» TASK TO COMPLETE: Copy the data exactly. Images are the one exception.

» GIVEN DATA:
^^^^^^^^

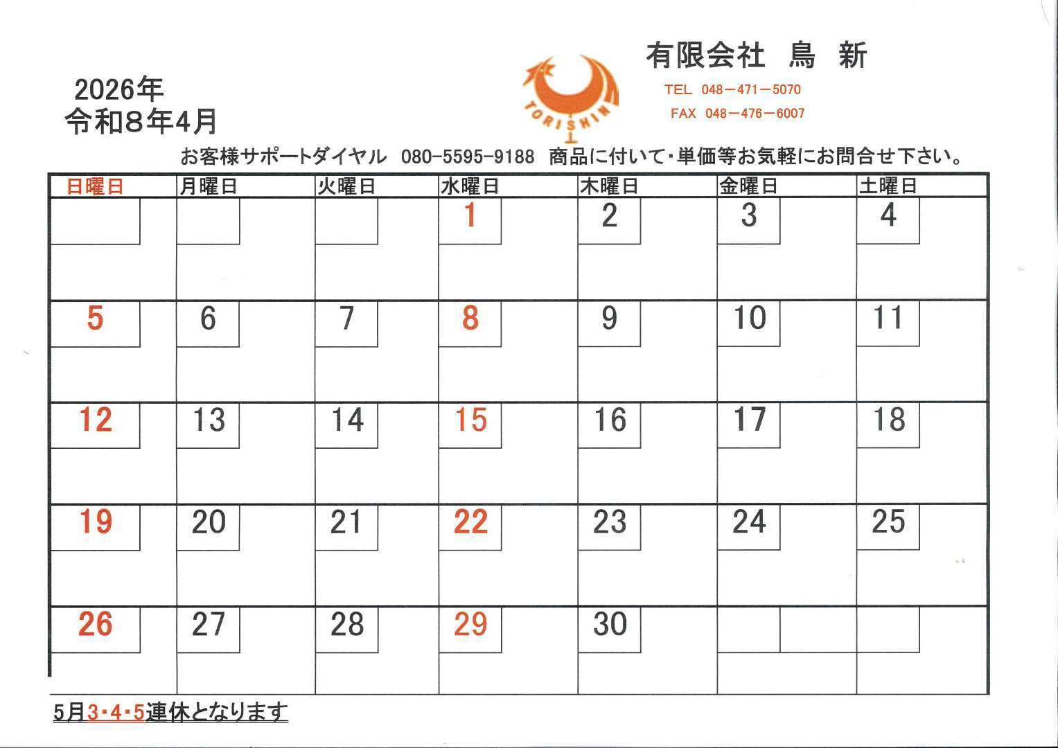 旧年中は弊社ご利用頂きまして誠にありがとうございます。 令和3年5日より営業させて頂きます。
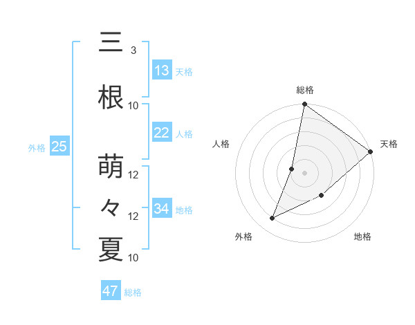 三根 萌々夏さんを姓名の画数から五運を鑑定
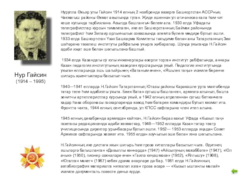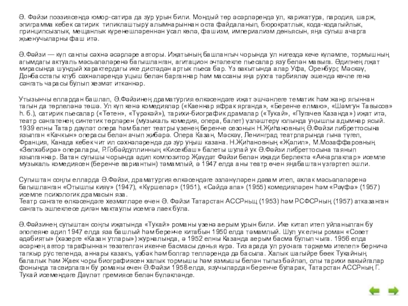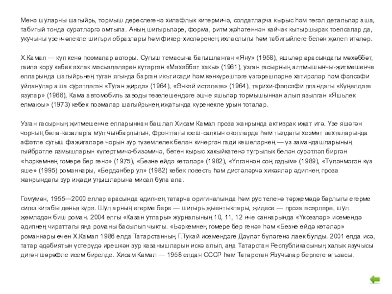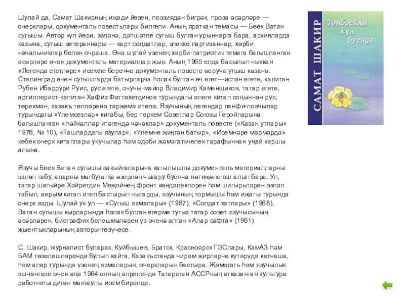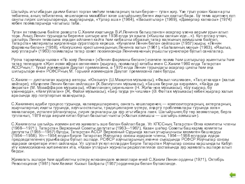 Слайд 94Шулай да, Самат Шакирның иҗади йөзен, поэзиядән бигрәк, проза әсәрләре

^^^^^^^^

» ANSWER SECTION:
 旧年中は弊社ご利用頂きまして誠にありがとうございます。 令和3年5日より営業させて頂きます。
 三根 萌々夏さんを姓名の画数から五運を鑑定
 Слайд 94Шулай да, Самат Шакирның иҗади йөзен, поэзиядән бигрәк, проза әсәрләре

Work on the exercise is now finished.